Triple-knockout mouse lacking expression of eNOS, Cav1, and Ldlr were generated to explore the role of NO production in Cav1-dependent athero-protective function. The effects of Cav1 on lipid trafficking, extracellular matrix remodeling, and vascular inflammation were studied both in vitro and in vivo with a mouse model of diet-induced atherosclerosis. The expression of Cav1 and distribution of caveolae regulated by flow were analyzed by immunofluorescence staining and transmission electron microscopy.
We found that absence of Cav1 significantly suppressed atherogenesis in LdlreNOS mice, demonstrating that athero-suppression is independent of increased NO production. Instead, we find that the absence of Cav1/caveolae inhibited low-density lipoprotein transport across the endothelium and proatherogenic fibronectin deposition and disturbed flow-mediated endothelial cell inflammation. Consistent with the idea that Cav1/caveolae may play a role in early flow-dependent inflammatory priming, distinct patterns of Cav1 expression and caveolae distribution were observed in athero-prone and athero-resistant areas of the aortic arch even in wild-type mice.

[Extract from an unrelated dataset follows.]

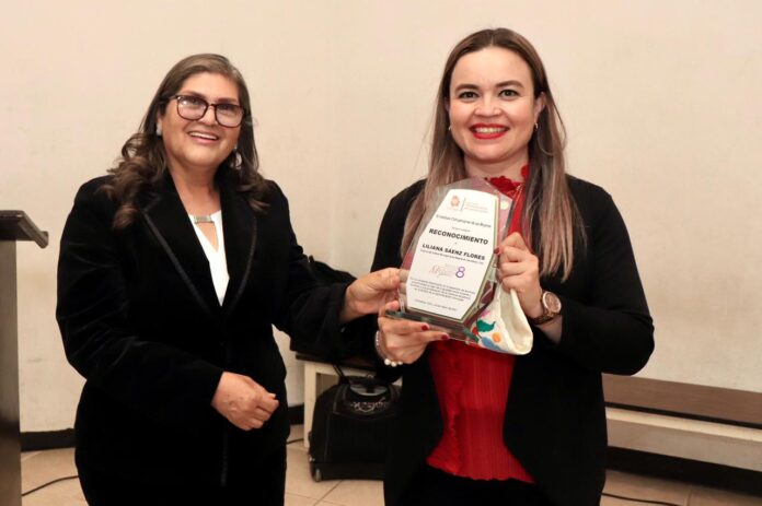 La exposición fue realizada por la consejera del Instituto Chihuahuense de la Mujer, Martha González Robles, quien además entregó un reconocimiento a la titular de la instancia municipal, Liliana Sáenz Flores, en distinción por su trayectoria, logros y labor a favor de las mujeres, jóvenes y niñas.

These findings support a role for Cav1/caveolae as a central regulator of atherosclerosis that links biomechanical, metabolic, and inflammatory pathways independently of endothelial eNOS activation and NO production.
动脉粥样硬化是由病理、生物力学、炎症和脂质代谢因素协同作用驱动的。我们之前的研究表明,高脂血症小鼠中 Cav1/小窝的缺失强烈抑制动脉粥样硬化,这归因于内皮型一氧化氮合酶(eNOS)的激活和一氧化氮(NO)的产生增加,以及炎症和低密度脂蛋白转运减少。然而,eNOS 激活和 NO 产生在 Cav1 保护动脉粥样硬化中的贡献以及 Cav1/小窝如何控制饮食诱导的动脉粥样硬化发病机制仍不清楚。

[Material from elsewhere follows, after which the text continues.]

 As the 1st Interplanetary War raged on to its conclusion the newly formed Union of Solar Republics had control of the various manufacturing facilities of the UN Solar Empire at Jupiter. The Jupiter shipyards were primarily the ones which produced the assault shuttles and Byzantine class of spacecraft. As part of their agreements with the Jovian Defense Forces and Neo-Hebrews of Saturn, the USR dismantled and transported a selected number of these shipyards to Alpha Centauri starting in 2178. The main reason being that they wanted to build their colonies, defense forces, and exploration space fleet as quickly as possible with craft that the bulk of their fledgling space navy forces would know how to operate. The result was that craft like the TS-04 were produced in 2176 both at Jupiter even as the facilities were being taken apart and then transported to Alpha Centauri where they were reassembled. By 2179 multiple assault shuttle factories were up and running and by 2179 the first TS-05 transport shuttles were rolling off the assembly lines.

生成缺乏 eNOS、Cav1 和 Ldlr 表达的三重敲除小鼠,以探讨 NO 产生在 Cav1 依赖性动脉粥样硬化保护功能中的作用。利用饮食诱导的动脉粥样硬化小鼠模型,研究 Cav1 对脂质转运、细胞外基质重塑和血管炎症的影响。通过免疫荧光染色和透射电子显微镜分析 Cav1 的表达和由血流调节的小窝分布。
我们发现 Cav1 的缺失显著抑制了 LdlreNOS 小鼠的动脉粥样硬化形成,表明动脉粥样硬化抑制与增加的 NO 产生无关。相反,我们发现 Cav1/小窝的缺失抑制了低密度脂蛋白穿过内皮的转运以及促动脉粥样硬化的纤维连接蛋白沉积,并扰乱了血流介导的内皮细胞炎症。与 Cav1/小窝可能在早期血流依赖性炎症启动中发挥作用的观点一致,即使在野生型小鼠中,主动脉弓的动脉粥样硬化易损区和不易损区也观察到 Cav1 表达和小窝分布的不同模式。
这些发现支持 Cav1/小窝作为动脉粥样硬化的中央调节剂的作用,该作用独立于内皮型 eNOS 激活和 NO 产生,将生物力学、代谢和炎症途径联系起来。